MASKE KALKINCA
MASKE KALKINCA
Pandeminin kara hummalı elleri bir gün üzerimizden çekilip normale döndüğümüzde maske takmaktan kurtulacağız. O gün bir şey daha değişecek: ağız ve burunlarımız.
Pandemi ortasında tanıştığım insanların çoğunun ağzını ve burnunu hiç görmedim. Maskeli tanıdım onları ve hep maskeli gördüm. Maskenin altından hayali bir ağız ve burun yakıştırdım onlara. Alın yapılarından, gözlerinin büyüklüğünden, hatta seslerinin nahifliği veya gürlüklerinden... Hah dedim, şöyle çocuk gözlerinin altına minicik hokka bir burun iyi durur diye kondurdum, kibar bir ağızla kibar bir tebessüm çizdim. Bazen aksine geniş bir alın, keskin bir görünüm veren şakaklarla ciddi bakışlı gözlerin altına yine aynı ciddiyete sahip burun yerleştiriverdim. Dudaklarsa asla küçük olmamalı dedim.
Bütün tahayyüllerimle günlerce nasıl güldüklerini, nasıl burun kıvırdıklarını, nasıl dudak büzdüklerini belirledim kafamda. Hayal etmeden de olmuyordu zira duygularımızın büyük bir kısmını burun ve dudaklarımız hatta çene yapımız dışa vuruyordu; onları görmeden ifadeleri anlayabilmek mümkün değildi. Bir gün yüzünü tamamıyla o ana dek görmemin nasip olmadığı biri maskesini indirdi. Sahip olduğu yüz, ona çizdiğim yüz asla değildi. Bilakis, neredeyse kapalı gibi görünen kısık gözlerinin altında kocaman patlıcanı andıran bir burnu vardı. Ağzı her daim gülüyormuş gibi kulaklarına kadar yayılmış vaziyette somurtuyordu örneğin. Bir başkasının gayet vakar sahibi gözlerinin kemerli, her an komik bir fıkraya karışacak türde bir buruna üst komşu olduğunu gördüm. Nasreddin Hoca’nın koca ceviz ağacına küçük bir meyveyi yakıştıramama hikâyesindeki gibi bir hataya düşmeyecektim elbette. Hikmetinden sual olmaz dedim. Ama gördüğüm tablolara gülmeden edemedim. Maskeyi indiren her yüzde paketi açılan bir sürpriz görmüş çocuk edasıyla şaşkınlıklara uğradım. Kimine doğuştan öyle olma ihtimalini yakıştıramadım da, herhalde garipciğin yüzü uzun süre maske altında durmaktan mutasyona uğramış dedim. Ne yani, borazan gibi duyulan bir sesin fındık kadar ağızdan çıkıyor olma ihtimaline inanmamı beklemeyeceksiniz değil mi?

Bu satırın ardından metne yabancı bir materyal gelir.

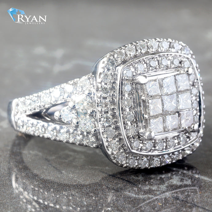 RING GW 14KT 2.00CTW PRINCESS INVISABLE SET CENTER TWO TIERED CUSHION HALO WITH SPLIT DIAMOND SHOULDERS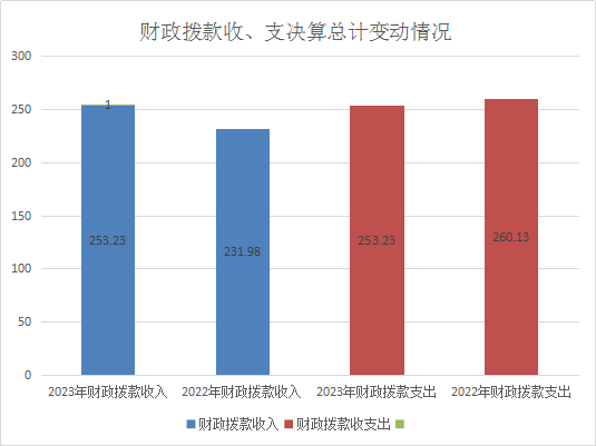 2023年度财政拨款收、支总计均为253.23万元。与2022年度相比,财政拨款收入总计增加21.25万元,增长9.16%、支出总计减少6.9万元,下降2.65%。主要变动原因是正常人员调资人员经费增加,单位部分预算增加。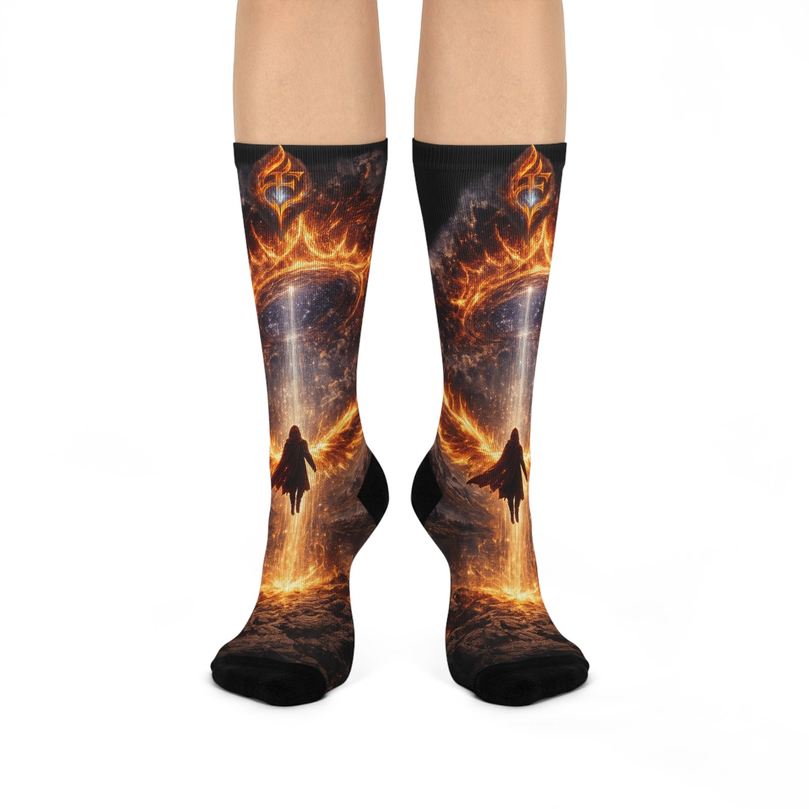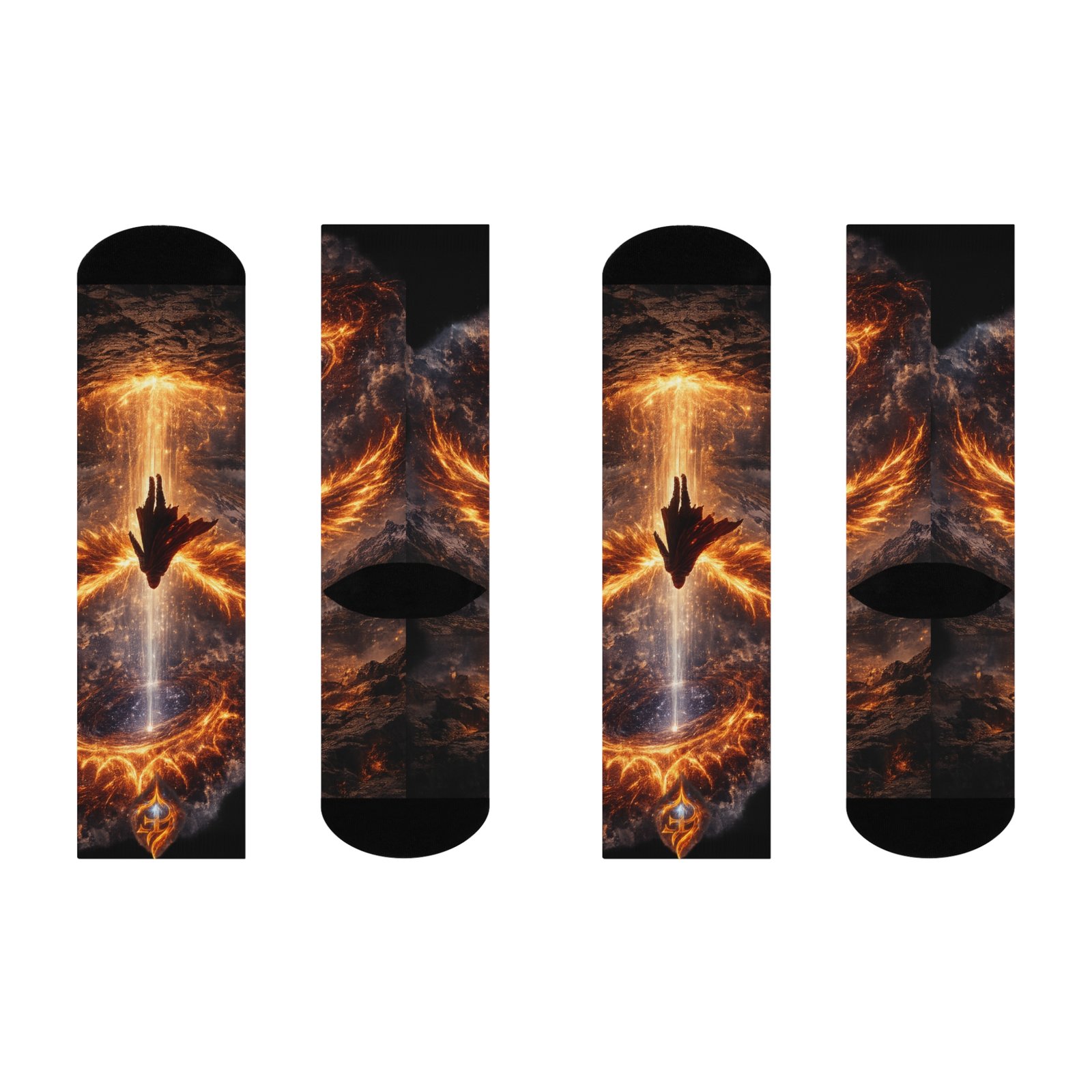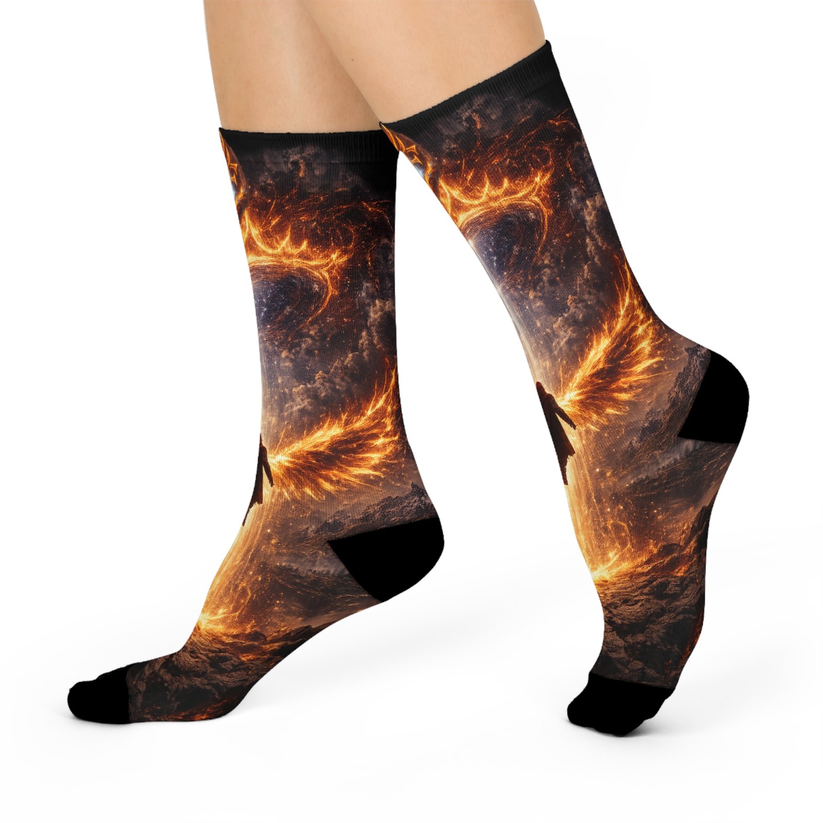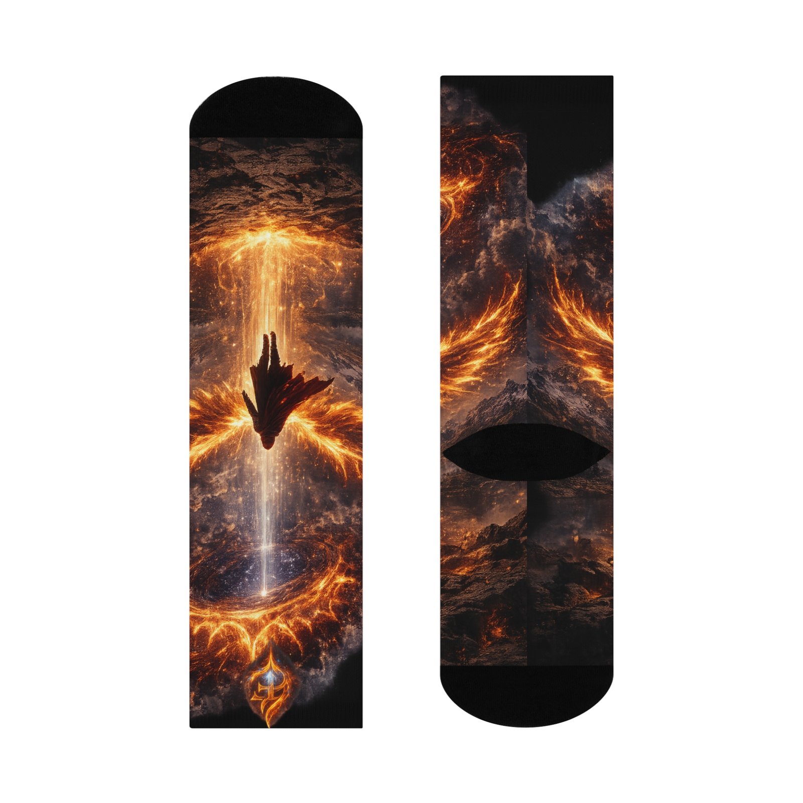 EchoFlame Fiery Phoenix Cosmic Portal Crew Socks

Neden olmasın? Belki de maske üstüne maske takmaktan, daima verdiğimiz havayı solumaya maruz kalmaktan envai çeşit mutasyonlar geçireceğiz de asık suratlılarımız artık neşeli ağız ve burunlara sahip olacak. En ciddi duruşlumuz birkaç yıl düzenli maske kullanımından aramızdaki en gevşek ağızlı tipe dönüşecek. Ağzını burnunu yaya yaya konuşma diye şikayet ettiğimiz gençler gibi konuşmaya başlayacağız hepimiz.
Öyle sanıyorum ki ağzımızın tadını bırakmayıp her mutluluğu burnunuzdan getiren Covid illetinin önce koku ve tat kaybına uğratıyor olmasında da bir manidarlık aramak artık işi abartmaktan sayılmıyordur.